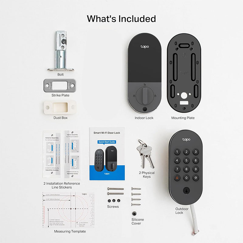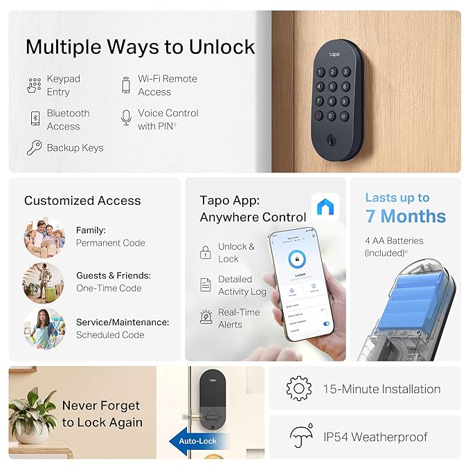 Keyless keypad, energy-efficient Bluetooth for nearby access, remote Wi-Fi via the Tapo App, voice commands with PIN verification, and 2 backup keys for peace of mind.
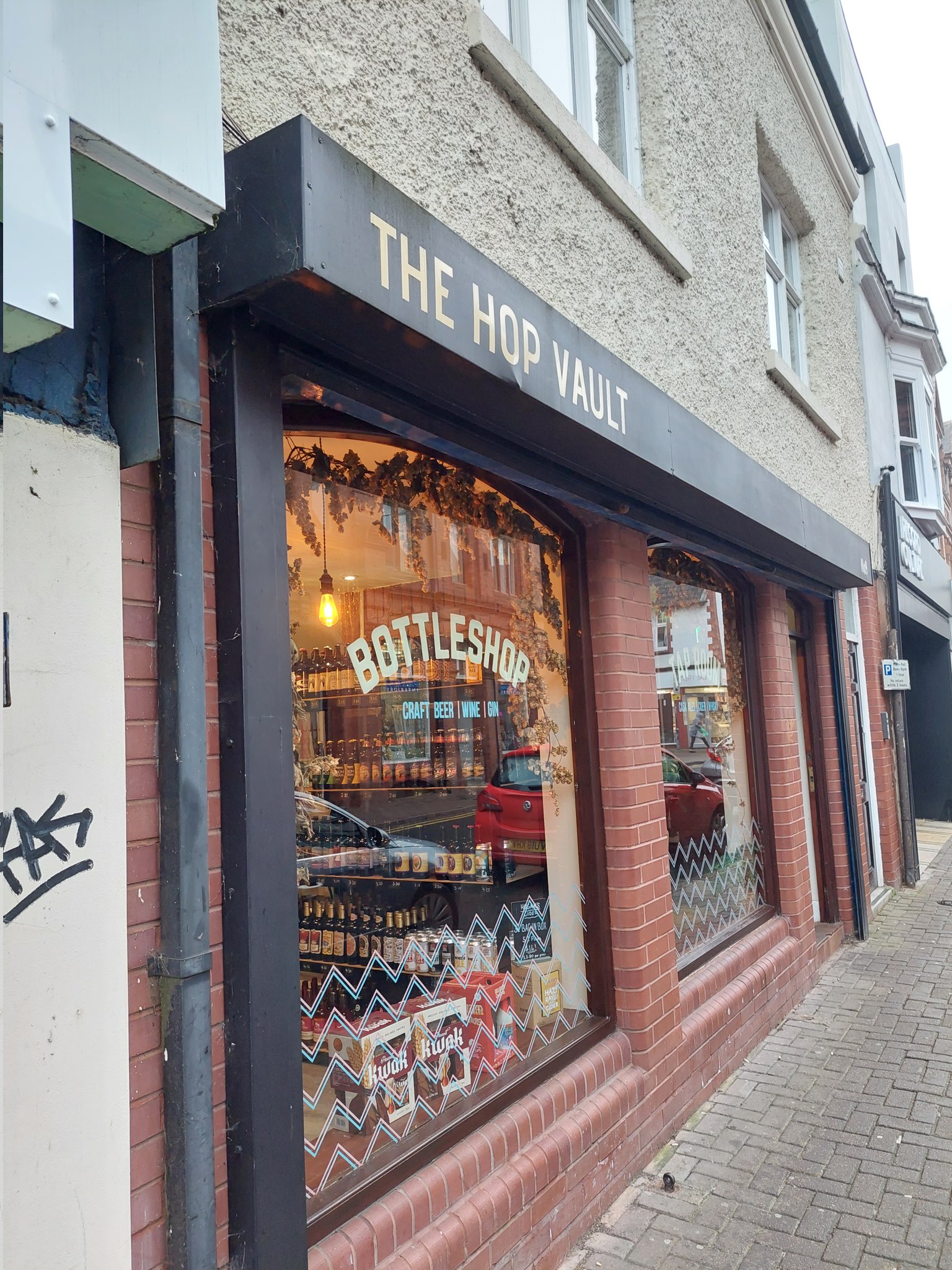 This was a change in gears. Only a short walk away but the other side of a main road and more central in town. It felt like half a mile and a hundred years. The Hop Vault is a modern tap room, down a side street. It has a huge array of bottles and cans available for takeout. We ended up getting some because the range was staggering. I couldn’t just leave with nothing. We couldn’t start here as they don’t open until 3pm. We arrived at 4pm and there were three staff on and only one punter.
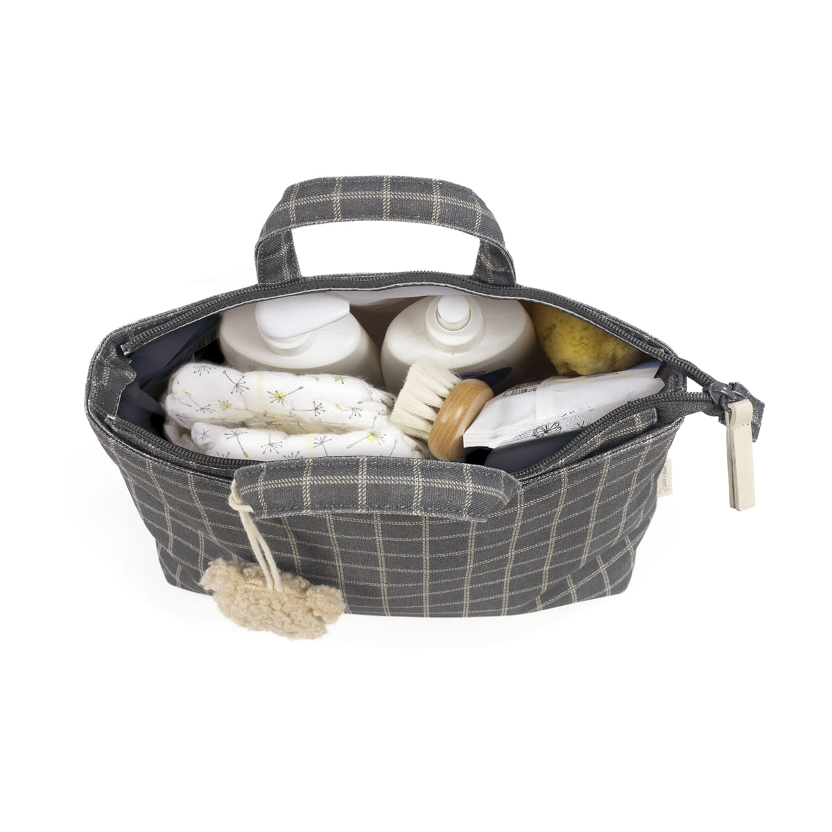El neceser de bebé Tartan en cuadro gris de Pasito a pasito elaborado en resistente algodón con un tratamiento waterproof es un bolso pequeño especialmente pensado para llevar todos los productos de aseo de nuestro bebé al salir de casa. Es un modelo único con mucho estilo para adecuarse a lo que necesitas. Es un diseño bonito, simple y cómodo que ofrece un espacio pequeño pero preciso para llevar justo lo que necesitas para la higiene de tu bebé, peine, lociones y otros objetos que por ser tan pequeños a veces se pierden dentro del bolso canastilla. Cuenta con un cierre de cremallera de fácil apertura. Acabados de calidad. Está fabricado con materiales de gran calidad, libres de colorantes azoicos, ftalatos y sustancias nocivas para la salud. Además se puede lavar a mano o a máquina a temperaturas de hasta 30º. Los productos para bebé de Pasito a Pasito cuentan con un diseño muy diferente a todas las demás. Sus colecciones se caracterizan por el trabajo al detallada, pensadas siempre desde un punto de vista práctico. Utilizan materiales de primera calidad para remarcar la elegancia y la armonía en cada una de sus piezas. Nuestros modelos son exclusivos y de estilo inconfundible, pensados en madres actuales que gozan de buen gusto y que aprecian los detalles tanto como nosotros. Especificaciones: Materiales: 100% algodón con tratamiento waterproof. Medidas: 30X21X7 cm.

══════════

HOW TO COMPLETE THIS TASK
Leaving every picture out, repeat each line of the material exactly.

FINISHED EXERCISE
 Keyless keypad, energy-efficient Bluetooth for nearby access, remote Wi-Fi via the Tapo App, voice commands with PIN verification, and 2 backup keys for peace of mind.
 This was a change in gears. Only a short walk away but the other side of a main road and more central in town. It felt like half a mile and a hundred years. The Hop Vault is a modern tap room, down a side street. It has a huge array of bottles and cans available for takeout. We ended up getting some because the range was staggering. I couldn’t just leave with nothing. We couldn’t start here as they don’t open until 3pm. We arrived at 4pm and there were three staff on and only one punter.
El neceser de bebé Tartan en cuadro gris de Pasito a pasito elaborado en resistente algodón con un tratamiento waterproof es un bolso pequeño especialmente pensado para llevar todos los productos de aseo de nuestro bebé al salir de casa. Es un modelo único con mucho estilo para adecuarse a lo que necesitas. Es un diseño bonito, simple y cómodo que ofrece un espacio pequeño pero preciso para llevar justo lo que necesitas para la higiene de tu bebé, peine, lociones y otros objetos que por ser tan pequeños a veces se pierden dentro del bolso canastilla. Cuenta con un cierre de cremallera de fácil apertura. Acabados de calidad. Está fabricado con materiales de gran calidad, libres de colorantes azoicos, ftalatos y sustancias nocivas para la salud. Además se puede lavar a mano o a máquina a temperaturas de hasta 30º. Los productos para bebé de Pasito a Pasito cuentan con un diseño muy diferente a todas las demás. Sus colecciones se caracterizan por el trabajo al detallada, pensadas siempre desde un punto de vista práctico. Utilizan materiales de primera calidad para remarcar la elegancia y la armonía en cada una de sus piezas. Nuestros modelos son exclusivos y de estilo inconfundible, pensados en madres actuales que gozan de buen gusto y que aprecian los detalles tanto como nosotros. Especificaciones: Materiales: 100% algodón con tratamiento waterproof. Medidas: 30X21X7 cm.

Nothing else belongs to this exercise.